Mehrfacher Weltmeister mit dabei

Nach dem Dauerregen am Vortag meint es der Wettergott am Freitagvormittag gut mit den Organisatoren. „Die Bedingungen sind Bombe“, bringt es Mitorganisator Axel Gotsche, der jahrelang in Schwerin lebte, auf den Punkt. „Wind aus Süd. Das passt. Da können die Springer mit dem Schloss im Rücken das Ziel ansteuern“, erklärt er. Der Ort für das Zielspringen sei bewusst gewählt worden, um Sportlern und Zuschauern ein besonderes Erlebnis zu bieten. „Sonst landen die Fallschirmspringer meist weitgehend unbeachtet auf abgelegenen Flugplätzen. Das ist hier schon anders“, betont Gotsche.

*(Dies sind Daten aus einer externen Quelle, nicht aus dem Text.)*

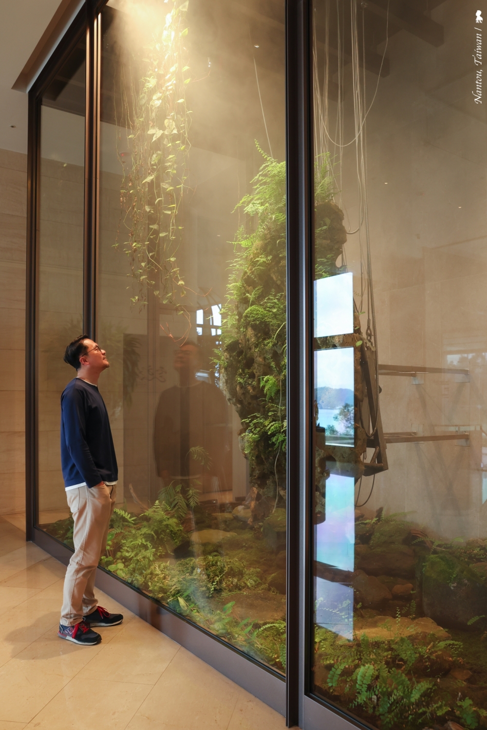 每天早上 10 點到 11 點,走在公共空間不妨閉上眼睛認真聽一下,那有點不尋常像是答答答的聲響,是全館正播放擷取苔癬的信號聲,聲音是來自一樓大廳取名「石倚煙」的生態缸,透過裡頭「苔蘚」導電的概念讓植物與住客對話。而另一個生態缸「花染木」也很有趣,裏頭生長的植物說單一也很多樣?因為裡面放了 19 種秋海棠,包括台灣 3 個特有種,而秋海棠的花語是 “相思、誠懇、親切”,雲品也藉此傳遞所要傳達的服務精神與態度。原本以為就只是兩座漂亮的巨型造景,沒想到藏有這麼多故事,真的是一葉一世界,若有興趣也可打開手機掃描生態缸上的 QR Code,即可聆聽完整介紹。
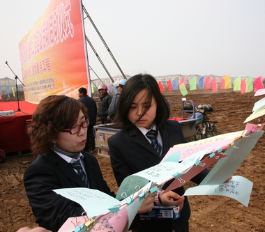 金福置业有限公司青年技术员张淮发作为全市青年突击队代表在仪式上发言。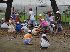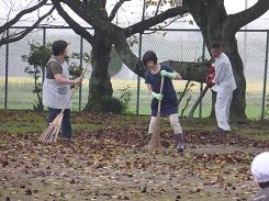 児童が「けいどろ」をしている時に、教頭先生を含めた3人の先生がサクラの下にある落ち葉を、集めてくださっていました。けいどろの後、児童も落ち葉集めをしました。短時間でしたが熱心に活動してくれたので、たくさん集めることが出来ました。サクラの枝にはまだ葉がついています。今度の台風で落ち葉になるでしょうか。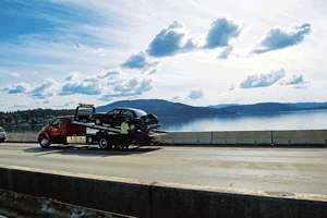 Traffic slowed to a trickle for an hour and half while Idaho State Police dealt with two separate accidents in the middle of the Long Bridge at 3:20 p.m. Cars stacked past the bridge and continued to back up into downtown Sandpoint until state troopers were able to get all damaged vehicles clear of the bridge.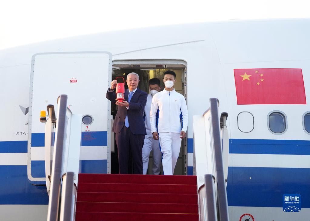 10月20日,在北京首都机场,北京冬奥组委特别代表、北京冬奥组委副主席于再清(左)手持火种灯走出舱门。随着北京冬奥组委赴希腊代表团抵达首都机场,北京冬奥会火种顺利抵达北京。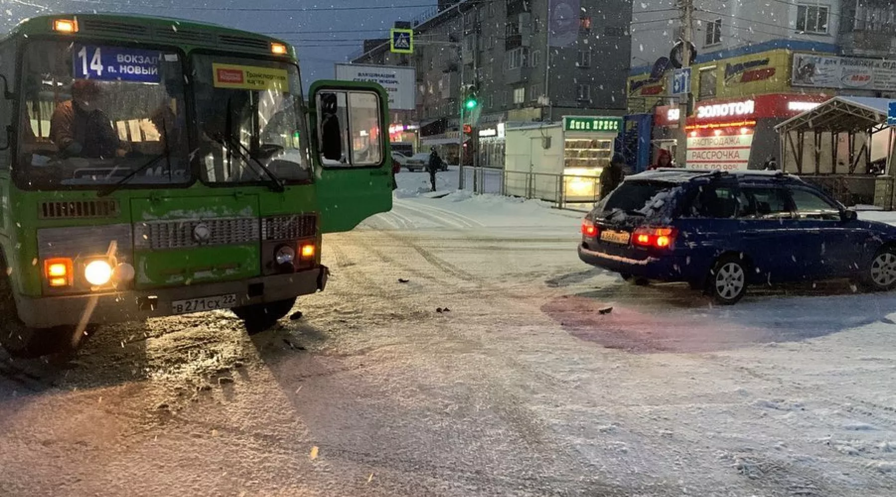 В одном ДТП участником стал маршрутный автобус №14. Он встретился с иномаркой на пересечении улиц Митрофанова и Вагонная. Судя по фото, удар бы не сильным, вероятнее всего пострадавших нет.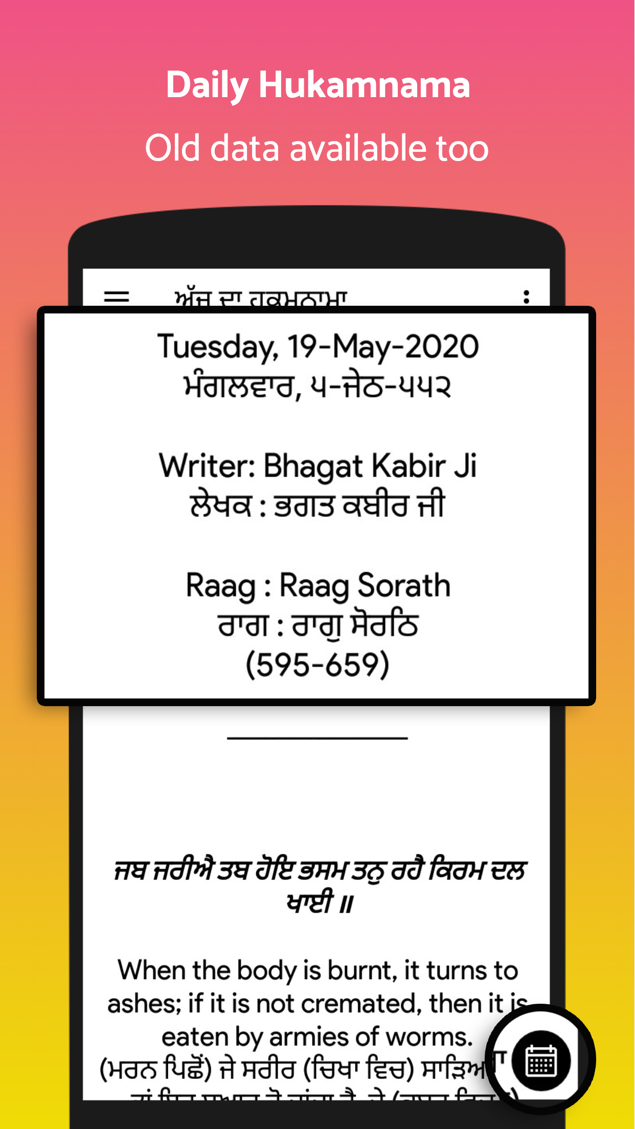 Sundar Gutka Sahib ( गुटका साहिब, गुटखा ) & nitnem is one of the best apps which contains all the nitnem, nitnem audio. You can read Nitnem 'in Hindi' or 'in Punjabi' and can read the meaning of path while reading or listening to 'Nitnem Audio'. The purpose of this app is to let the busy and mobile young generation reconnect with Sikhism and "Gurubani" by reading the path on mobile. App have Nanakshahi Calendar 2020-2023 with all Sikh events dates.

Das bestätigt auch der mehrfache Weltmeister Robin Griesheimer. „Wettbewerbe vor so einer Kulisse hat man nicht so oft“, sagt der Bundeswehrsoldat. Bei den Welttitelkämpfen 2021 in Katar hatte er sieben Goldmedaillen gewonnen. Eine solche Ausbeute hatte vor ihm noch kein deutscher Springer von einer WM mitgebracht.

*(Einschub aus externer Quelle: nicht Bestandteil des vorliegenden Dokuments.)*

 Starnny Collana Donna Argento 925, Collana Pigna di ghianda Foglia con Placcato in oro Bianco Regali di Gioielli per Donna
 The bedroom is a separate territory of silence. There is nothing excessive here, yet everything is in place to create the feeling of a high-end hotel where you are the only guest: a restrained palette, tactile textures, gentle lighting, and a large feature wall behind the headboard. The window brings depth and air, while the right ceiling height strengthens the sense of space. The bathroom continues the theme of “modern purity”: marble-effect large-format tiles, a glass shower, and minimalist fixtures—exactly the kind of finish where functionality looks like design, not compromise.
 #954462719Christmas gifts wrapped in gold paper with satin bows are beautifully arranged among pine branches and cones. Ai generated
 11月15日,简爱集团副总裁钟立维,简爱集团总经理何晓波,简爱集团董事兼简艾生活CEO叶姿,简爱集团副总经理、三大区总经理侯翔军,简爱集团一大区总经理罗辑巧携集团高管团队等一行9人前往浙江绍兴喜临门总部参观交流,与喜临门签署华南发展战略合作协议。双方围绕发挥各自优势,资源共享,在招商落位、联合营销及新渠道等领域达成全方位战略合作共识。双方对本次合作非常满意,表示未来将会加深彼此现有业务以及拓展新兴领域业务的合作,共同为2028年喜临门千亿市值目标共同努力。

Die seit 1974 im bayerischen Altenstadt angesiedelte und aktuell 13 Mitglieder zählende Sportfördergruppe vertritt Deutschland regelmäßig bei internationalen Wettkämpfen, so erst im August bei der WM in Ungarn, von der Griesheimer eine Silbermedaille im Stilspringen mitbrachte, einer von mehreren Disziplinen, die auch bei den nationalen Meisterschaften auf dem Programm standen.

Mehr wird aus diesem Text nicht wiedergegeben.